Его оживившееся, потное лицо помрачнело. Больше ни слова не промолвил, хоть Ляксандра насквозь буравил его хитрыми ласковыми глазками. Когда находит на отца такое, из него клещами слова не вытянешь.
Пришли медленно, а назад чуть не бегом бежали. Наверное, для того, чтобы отцу не пришлось сказать еще несколько слов. Я оборачивалась на бегу и смотрела на высокого, крупного старика в распахнутой полотняной рубахе. Медью отливала его сильная костлявая грудь. Дом, обитый толем, высился, как черная гора, а собачья конура — как заколдованная сказочная избушка гномов.
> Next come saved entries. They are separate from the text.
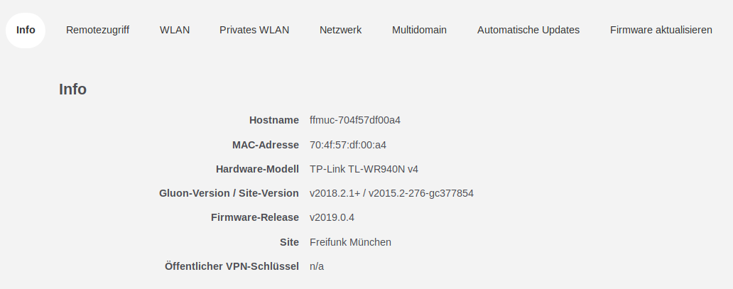 - Öffentlicher VPN-Schlüssel Public-Key des fastd-VPN (dieser wird derzeit nicht verwendet)
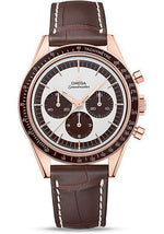Omega Seamaster Moonwatch Numbered Edition Watch - 39.7 mm Sedna Gold Case - Ceramic Bezel - Silver Dial - Brown Leather Strap - 311.63.40.30.02.001
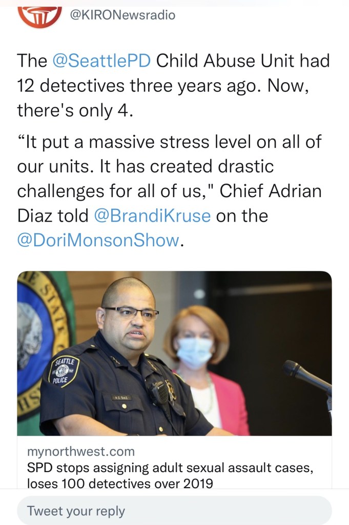 Child sexual assault is the canary in the coal mine. When there aren’t even enough police to investigate child abuse……..it is all over. There isn’t anyone home. It is open season on abusing children in the city of Seattle. And don’t think the word isn’t out.
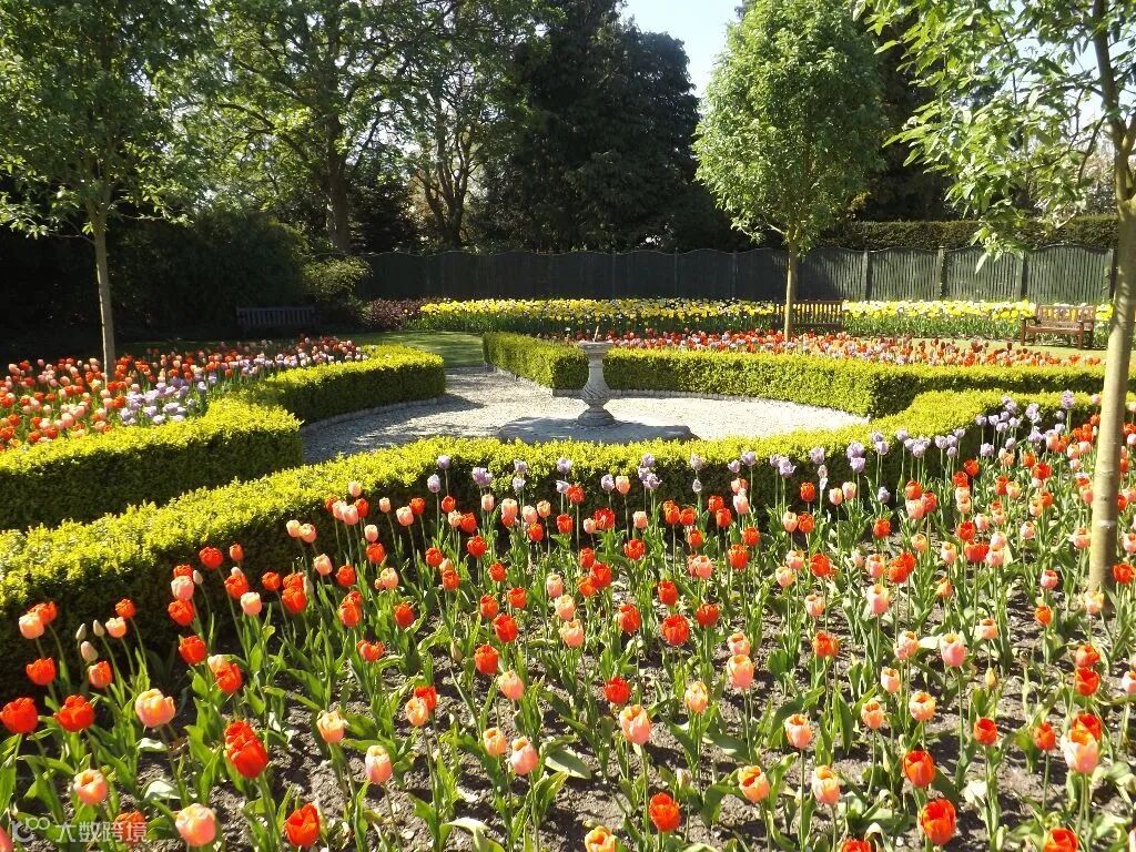 南约克郡的这座花园采用“高维多利亚时代”正式意大利风格布置,对称的花坛,与设计的整体几何形状保持一致。在 4 月,你可在这里欣赏到多达 5,000 株郁金香同时盛开的景象!

Неужели в те времена, о которых написаны книги, Шаучукенас в самом деле держал в руках винтовку?
Звякнула проволока, пес вывалился и снова повис на цепи, лая на ушедших, на жаркое лето, на весь зеленый, пропахший сеном мир. А может быть, он лаял на нас за то, что отец не вымолвил те несколько слов, которых ждал хозяин пса, Ляксандра. Пускай себе лает пес, пускай бесится Ляксандра…
И все-таки мне было неловко перед Ляксандрой. Ведь он в долг дал! И еще угостил!
Мать мы застали готовящей обед. Она уже не плакала, но глаза были как стеклянные и вряд ли видели кипящий горшок.
Покраснела она, как жар, когда увидела расправленный шелк. Глянула на отца, на меня, на обоих сразу, несмело проговорила:
— Ах ты, дурачок, дурачок! Все бросил, в страду… Разве у меня горит?
Я знала, что она так скажет. Не всегда человек говорит то, что думает. Иногда он говорит наоборот. Если бы меня стали спрашивать, хочу ли я чего-нибудь, я бы тоже сказала «нет».
И все-таки глаза у матери сияли, когда она добавила:
— Куда мне такую красоту, Йоня́лис…
Она назвала отца Йонялисом, как раньше, когда они не ссорились. Я ужасно обрадовалась, снова услыхав это «Йонялис». Словно кто-то распахнул настежь двери, окна и расшевелил застоявшийся дух в избе.
— Полно, Теклюте, — оправдывался отец. Я ждала, чтобы он назвал маму «Теклюте», и от его ласковых слов повеяло таким запахом, будто вся изба устлана березками. — Платье как платье…
И вдруг меня захватила, в жар бросила еще одна мечта. Ну, скажем, не очень большая, но… Вот представьте: мать выходит на улицу в цветастом платье, соседки дивятся, не узнают… Что за гостья такая? Откуда? Такая красивая, молодая? Постойте, постойте, уж не молодая ли это Станкунене идет?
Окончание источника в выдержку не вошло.